* Data to use
---

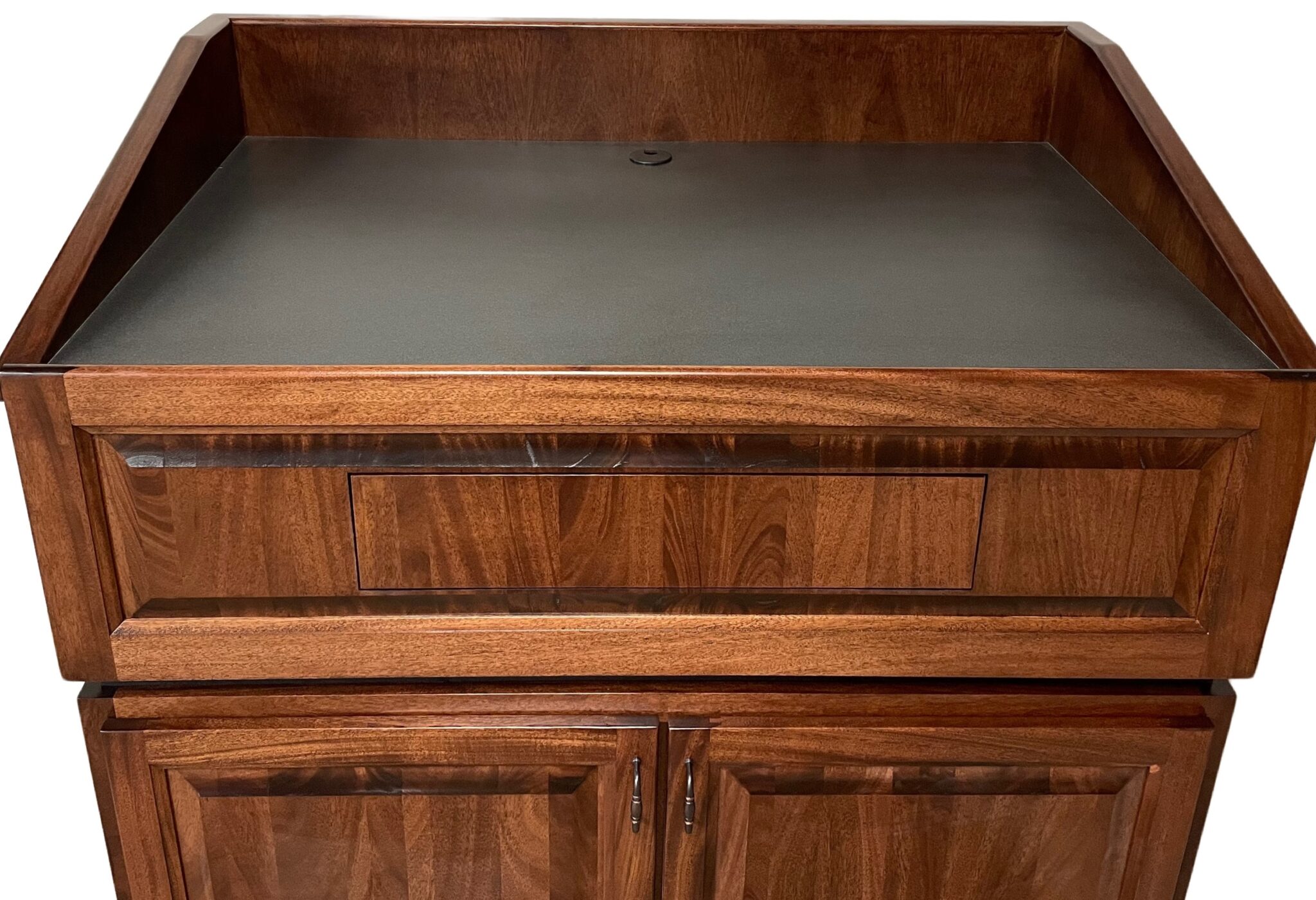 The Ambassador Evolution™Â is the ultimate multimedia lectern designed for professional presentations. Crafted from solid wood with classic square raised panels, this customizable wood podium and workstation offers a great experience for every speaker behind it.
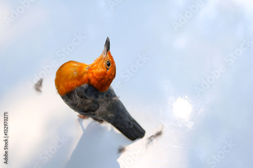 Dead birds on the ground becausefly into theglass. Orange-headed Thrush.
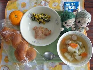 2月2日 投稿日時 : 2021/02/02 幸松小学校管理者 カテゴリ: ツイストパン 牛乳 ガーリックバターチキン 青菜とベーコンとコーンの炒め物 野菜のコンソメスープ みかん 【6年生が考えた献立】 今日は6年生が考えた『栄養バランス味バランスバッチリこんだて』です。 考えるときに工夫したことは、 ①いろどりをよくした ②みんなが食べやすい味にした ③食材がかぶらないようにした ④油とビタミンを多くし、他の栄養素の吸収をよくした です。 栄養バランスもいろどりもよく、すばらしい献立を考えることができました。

---

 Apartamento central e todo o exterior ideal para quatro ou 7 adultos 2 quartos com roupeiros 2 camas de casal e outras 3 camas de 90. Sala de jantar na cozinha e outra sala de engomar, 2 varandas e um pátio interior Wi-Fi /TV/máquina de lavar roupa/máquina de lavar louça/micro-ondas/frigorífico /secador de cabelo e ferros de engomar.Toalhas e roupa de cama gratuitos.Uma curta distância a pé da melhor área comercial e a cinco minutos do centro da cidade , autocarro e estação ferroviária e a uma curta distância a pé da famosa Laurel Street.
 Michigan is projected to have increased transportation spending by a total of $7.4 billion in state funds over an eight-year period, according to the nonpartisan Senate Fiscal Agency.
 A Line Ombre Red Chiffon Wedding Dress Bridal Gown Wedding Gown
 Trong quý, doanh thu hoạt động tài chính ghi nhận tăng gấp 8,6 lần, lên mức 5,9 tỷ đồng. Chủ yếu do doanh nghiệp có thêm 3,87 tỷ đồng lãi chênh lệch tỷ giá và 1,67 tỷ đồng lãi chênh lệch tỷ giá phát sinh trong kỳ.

---

* Requirement
Give again, exactly as written above, each line from the one that has "The Ambassador Evolution™Â is" to the one that has "2月2日 投稿日時 : 2021/02/02", both included; omit the pictures.

* Response to the exercise
 The Ambassador Evolution™Â is the ultimate multimedia lectern designed for professional presentations. Crafted from solid wood with classic square raised panels, this customizable wood podium and workstation offers a great experience for every speaker behind it.
 Dead birds on the ground becausefly into theglass. Orange-headed Thrush.
 2月2日 投稿日時 : 2021/02/02 幸松小学校管理者 カテゴリ: ツイストパン 牛乳 ガーリックバターチキン 青菜とベーコンとコーンの炒め物 野菜のコンソメスープ みかん 【6年生が考えた献立】 今日は6年生が考えた『栄養バランス味バランスバッチリこんだて』です。 考えるときに工夫したことは、 ①いろどりをよくした ②みんなが食べやすい味にした ③食材がかぶらないようにした ④油とビタミンを多くし、他の栄養素の吸収をよくした です。 栄養バランスもいろどりもよく、すばらしい献立を考えることができました。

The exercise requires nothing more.